У него было два инфаркта…

Деревенский парень, из полесской глубинки… Детство — война, ему семь лет. Мать хлеб партизанам пекла, могли расстрелять и хату сжечь. А за ним всю жизнь как клеймо: жил на оккупированной территории, под немцам. В университет не допустили… Поступил в нархоз, окончил с отличием. На работу не берут, везде попадал под графу: был в оккупации. После страшной кровавой победы еще десятки лет воевали с собственным народом: с теми, кто вернулся из плена, кого насильно вывезли в Германию, кто не погиб в концлагере, не сгорел в крематории… Боже мой! А я преподавала марксистско-ленинскую философию в институте… Партия — это совесть, честь… И сомнения в голову не приходили… Каждая несправедливость виделась частным случаем, где был конкретный виновник. Скажи мне кто-нибудь в то время о вине идеи, об ответственности идеи? Сумасшедший! Я уже не побежала бы доносить, но назвала бы его сумасшедшим, предателем. Какое бы зло ни вершилось на моих глазах, я искала виновника: это он или он… А то, что он часть идеи, атом злой идеи, молекула, и в других обстоятельствах был бы другим человеком, мы не понимали, никто. Вот откуда теперь не только у меня, а у многих чувство, что мы прожили не свою, а чью-то жизнь. Могли быть другими людьми, другой страной… Если бы не эта идея… Я людей не виню (даже своих недавних палачей), я виню идею… Мне доказывают, что идея рождается в человеческой голове. Но я все равно ненавижу идею, а людей их поведение могу себе объяснить. Что может выбрать солдат в строю? Ничего. Шагай в ногу!

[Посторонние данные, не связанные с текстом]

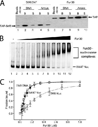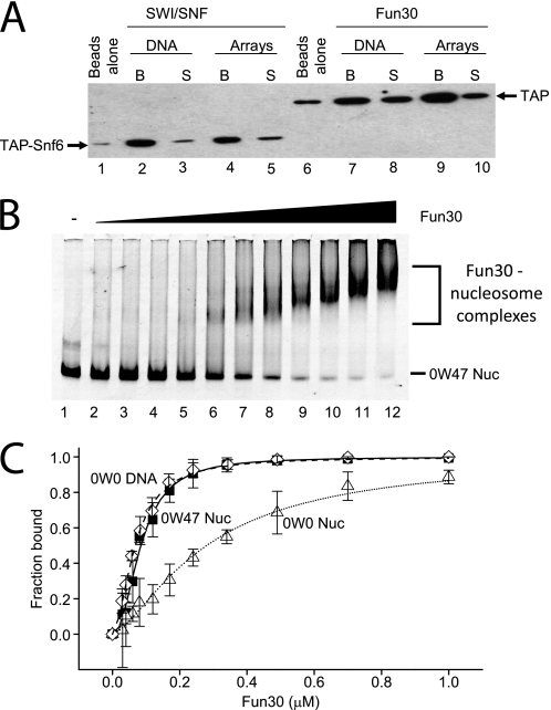 FIGURE 4. The Fun30 binds DNA and chromatin. A, Fun30 binds to nucleosome arrays efficiently. Immobilized G5E4 (either DNA or reconstituted into nucleosomal arrays), generated as described under “Experimental Procedures,” was incubated with an equal amount of Fun30 (lanes 7–10) or the SWI/SNF complex (lanes 2–5, as control) based on anti-TAP Western blotting normalization. The amount of bound protein (SWI/SNF complex or Fun30) was determined by separating the supernatants (S) from the beads (B), washing the beads, and running them on a 12% SDS gel followed by Western blot analysis using the anti-TAP antibody for detection of the proteins. The background binding of SWI/SNF or Fun30 to the magnetic Dynabeads alone are shown in lanes 1 and 6, respectively. B, nucleosomes were assembled on the fragment 0W47 in which the 601 nucleosome positioning sequence directs assembly of a nucleosome such that it is flanked by 47 bp of linker DNA on one side. Incubation of 30 nm 0W47 nucleosomes with increasing concentrations of His6 Fun30 (28 nm to 1 μm, lanes 2–11) resulted in a gel-shifted species (Nuc/Fun30). C, binding curves indicating the fraction of the Fun30-bound template following incubation with the indicated concentrations of Fun30. Quantification was based on the material remaining unbound in gel shifts such as that shown in B. ◇, corresponds to 0W0 DNA; ■, corresponds to 0W47 nucleosomes; and ▵, corresponds to 0W0 nucleosomes.

Мой муж был талантливый человек. Он все-таки защитил кандидатскую, написал докторскую. Тут ему посоветовали: хочешь стать профессором, поставь рядом со своей фамилией еще одну… Тогда все секретари райкомов, обкомов писали и защищали ученые степени. Было модно: секретарь райкома — кандидат экономических наук… Раз намекнули, второй… Нет! Ну, раз нет, то ты докторскую не защитишь. Шагай в ногу! Не печатали, не давали читать лекции… Протаскивает буржуазные взгляды, антисоветчик… Экономика никогда не была у нас наукой, всегда — политика, вот и живем так, что трусов и носков не хватает, а хлеб, живя на черноземе, который немцы в войну отправляли домой в посылках, за золото покупаем. Муж уже был больной, мы с ним гуляем по парку, там фонтан и большая цветочная клумба… из красных, белых, желтых бегоний слова: „Наша цель — коммунизм“… Даже цветы не росли просто так… Для красоты, для радости…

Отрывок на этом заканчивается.